Никто не знал. Да и откуда? Я никогда не рассказывала о своей утрате. Женский клуб был моим убежищем от трагедии, которую я скрывала от всех. Он стал местом, где я притворялась беспечной тусовщицей, не обремененной грузом прошлого. В комнате, обставленной со вкусом, я притворялась, что не отличаюсь от остальных. В городке, что в 1300 километрах отсюда, все знали меня как девочку, у которой умерла мама.
Группа ровесниц, важный молодой трибунал в жизни девочки-подростка, играет огромную роль после смерти матери. Многие подростки направляют большую часть энергии, которую они когда-то вкладывали в отношения с родителями, в отношения с ровесницами или лучшими подругами. Девочка, потерявшая члена семьи, скорее всего, обратится за помощью к подруге. Но многие подростки никогда не переживали тяжелую утрату. Ровесницы зачастую не понимают чувства девочки и не осознают степень ее утраты.
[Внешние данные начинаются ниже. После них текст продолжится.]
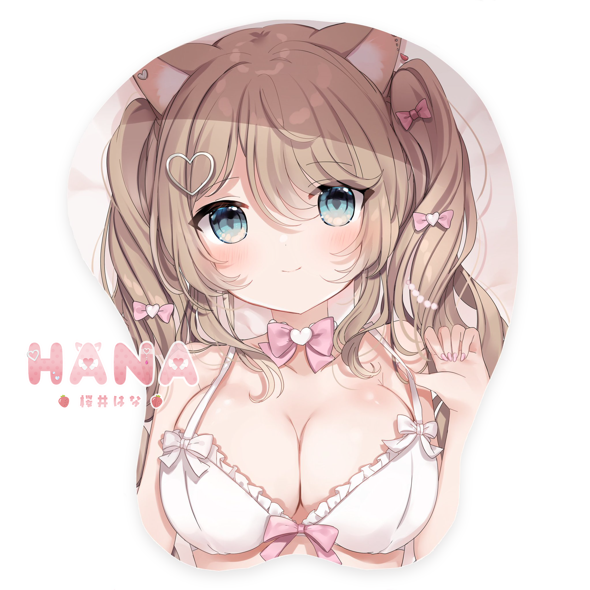 Let Hana’s soft boobas cradle your wrists as you browse the interweb. Y-you can squish if you want.

27-летняя Робин, которой было 16 лет, когда ее мать умерла, вспоминает, какими сложными были ее отношения с подругами в то время. Она до сих пор благодарна однокласснице, которая помогла ей в первый тяжелый год:
В то время я не могла общаться со многими подругами. Они жаловались на то, как много нам задавали уроков, а я думала: «Тоже мне проблема.
Как можно переживать из-за этого, если моя мама умерла?» Еще я чувствовала, что они соревнуются между собой за то, от кого из них я буду зависеть больше. Это сводило меня с ума. Мне казалось, что я не могу сказать что-то одной подруге, не расстроив при этом остальных. У меня была подруга, которая всегда смотрела на меня как на брошенного щенка и говорила: «Ох, как мне тебя жаль». Я чувствовала, что должна утешить ее и дать понять, что со мной все хорошо, чтобы она не переживала. Я сама держалась с трудом. Как я могла помочь кому-то другому?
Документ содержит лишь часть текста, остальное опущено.